Psychologists tell us that by and large we are very poor at estimating the emotional satisfaction that we will gain from some future event such as winning the lottery. We tend to think that winning the lottery will solve all our problems. That if we could only pick those six little numbers correctly, life would be wonderful.
We all know the odds of actually winning are so huge that it really does not pose a realistic problem for most of us. But the phenomenon of overestimating our emotional well being from some future event is not limited to the lottery. It is a very real problem that has serious consequences in our daily lives.
We are emotional beings. While we like to think we are rational beings, most of our decisions are made emotionally. We then try to justify them with some logical story. Here is the problem. If we overestimate the emotional good that we might gain from some activity, we will engage in activities that might not be in our best interest.
We think that achieving certain goals in life will suddenly make life easy. All the problems will be solved. We fool ourselves into thinking that if we move into that new house, get that fancy new car, or find the love of our dreams then our lives will be forever changed for the better. When we think in that manner, and everyone does from time to time, we are overestimating the emotional satisfaction that comes from achieving some goal or acquiring some possession.
If you want proof, look at some of the things you have longed for and how quickly the pleasure of acquiring them faded. A great example is to watch children on Christmas day. The anticipation of the gifts is much greater than the actual gifts. Acquiring things only gives us short term pleasure. The new wears off in a hurry.

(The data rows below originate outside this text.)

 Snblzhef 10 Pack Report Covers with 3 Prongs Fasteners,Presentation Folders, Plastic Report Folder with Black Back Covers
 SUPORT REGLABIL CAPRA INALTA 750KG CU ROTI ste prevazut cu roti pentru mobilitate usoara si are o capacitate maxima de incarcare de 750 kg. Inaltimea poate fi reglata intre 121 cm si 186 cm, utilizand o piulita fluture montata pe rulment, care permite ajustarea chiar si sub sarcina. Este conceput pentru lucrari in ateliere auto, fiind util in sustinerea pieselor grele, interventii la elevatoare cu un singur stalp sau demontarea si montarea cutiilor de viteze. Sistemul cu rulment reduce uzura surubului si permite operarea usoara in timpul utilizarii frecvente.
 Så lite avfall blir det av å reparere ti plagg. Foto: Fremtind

So what is the lesson here? There are two. The first is to understand that we almost always overestimate the emotional satisfaction that some future event will give us. If we are more realistic about the potential results we will quit chasing some fantasies.
The second lesson is that even if we won the lottery or achieved any other "life changing goal" it does not change us. You may win the lottery. But you will still be you. If you truly want to change your life, the change must be an inside job. Nothing you achieve on the outside will change what is on the inside.
You will always have to live with yourself. If you are not happy, it is not circumstances that you are unhappy with. It is you. Quit dreaming about some outside achievement that will change you. It cannot happen. If you want to change, change your way of thinking, then everything else will change.
Being entirely honest with oneself is a good exercise.